Por la cara

Hay muchas formas de dirigir, pero ésta sólo se le habría podido ocurrir a Leonard Bernstein. Musikverein, noviembre de 1983. Al término de la Sinfonía nº 88 de Haydn, Bernstein y la Filarmónica de Viena repiten como propina el cuarto movimiento. Con una pequeña diferencia: que en esta ocasión el director baja los brazos y se queda inmóvil mientras la orquesta sigue tocando como si nada. Esto es por lo menos lo que aprecia el público. En realidad, Bernstein sigue dirigiendo, pero lo hace con la cara. Para marcar las entradas, utiliza los ojos, las cejas, la boca, la barbilla, la nariz, la frente… todo un poema facial detrás del cual se palpa no sólo el disfrute, sino también la admiración. Es como si Bernstein estuviese diciéndole a la Filarmónica de Viena: “Sois tan buenos que podéis hacerlo perfectamente sin mí”. Tanto es así que al final de la pieza el director coge de la mano al concertino y al primer chelo para hacer copartícipe a la orquesta del triunfo, y al salir, aplaude él mismo a los profesores de la Filarmónica.
El juego de Bernstein se desarrolla a varios niveles. Por un lado, el público presente en la sala contempla a un director que abdica ostentosamente de sus funciones (y aun así todo sigue adelante). Al otro lado están los músicos, que ven cómo Bernstein les dirige con la cara (y a lo mejor alguno tiene que contener la risa). Y también hay un tercer actor, sin el cual el juego perdería parte de su sentido: las cámaras. Bernstein sabe que están ahí y las aprovecha con astucia. El espectador que observa la filmación tiene un punto de vista privilegiado, pues la cara del director está constantemente en primer plano, haciendo posible apreciar en los más mínimos detalles todas sus muecas. La versión se convierte así en un irresistible ejercicio mímico, en donde la cara de Bernstein “representa” paso a paso la música de Haydn.

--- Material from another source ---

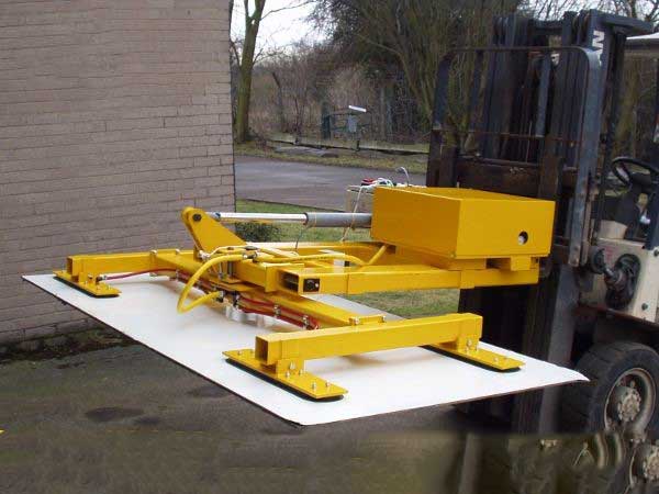 Fork Mounted Vacuum Lifting is a material handling solution that uses suction cups to lift and transport heavy loads using a forklift. The suction cups attach to the load and create a vacuum seal, allowing the load to be lifted and carried without the need for additional equipment or manpower.
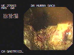 Quien ha tenido larga historia y tratamientos multiples para dispepsia inicio sintomatología obstructiva por lo que consultan con medico general, quien inmediatamente me localiza vía telefónica para que le practicáramos este estudio. Extenso Carcinoma Gástrico que obstruye antro e infiltra extensamente el cuerpo y fondo.

Hay incluso un momento en que el director marca el regreso del tema principal con un ligero movimiento de los labios (2’32”) y parece que esté mandando un besito a la orquesta. Ya sabemos que la de Bernstein con la Filarmónica de Viena fue una historia de amor.
Bernstein ha sido uno de los grandes directores haydnianos del siglo XX (sus “Parisinas” con la Filarmónica de Nueva York son antológicas). Hay un punto en donde las trayectorias de ambos músicos convergen: el sentido del humor. Se trata de un humor gustoso y cordial, bien distinto al humor cortante que transmite el Haydn de George Szell. Esto decía Bernstein en uno de los célebres “Conciertos para jóvenes” que ofrecía en televisión: “Cuando hablamos del humor en la música, Haydn es insuperable. Él fue el gran maestro del humor… Las notas pueden hacerte reír, y la forma en que lo hacen es sorprendiéndote. La sorpresa es la una de las principales maneras de hacer que alguien se ría”.
En este final de la Sinfonía nº 88, hay algo de esto, y también más. Bernstein no se limita a traducir admirablemente el humor musical de Haydn, sino que superpone el suyo propio a la partitura, sin invadirla ni deformarla, con efecto multiplicador. Lo cual nos recuerda otra vertiente del director norteamericano: su irresistible presencia en el podio. Según cuenta John Mauceri, cada vez que se veía en vídeo Bernstein deploraba su forma de estar y actuar en el podio, pero luego reconocía que sólo de esa manera conseguía “crear el sonido que quería escuchar”. Quizá el secreto esté ahí: cierto Haydn hay que dirigirlo… con la cara.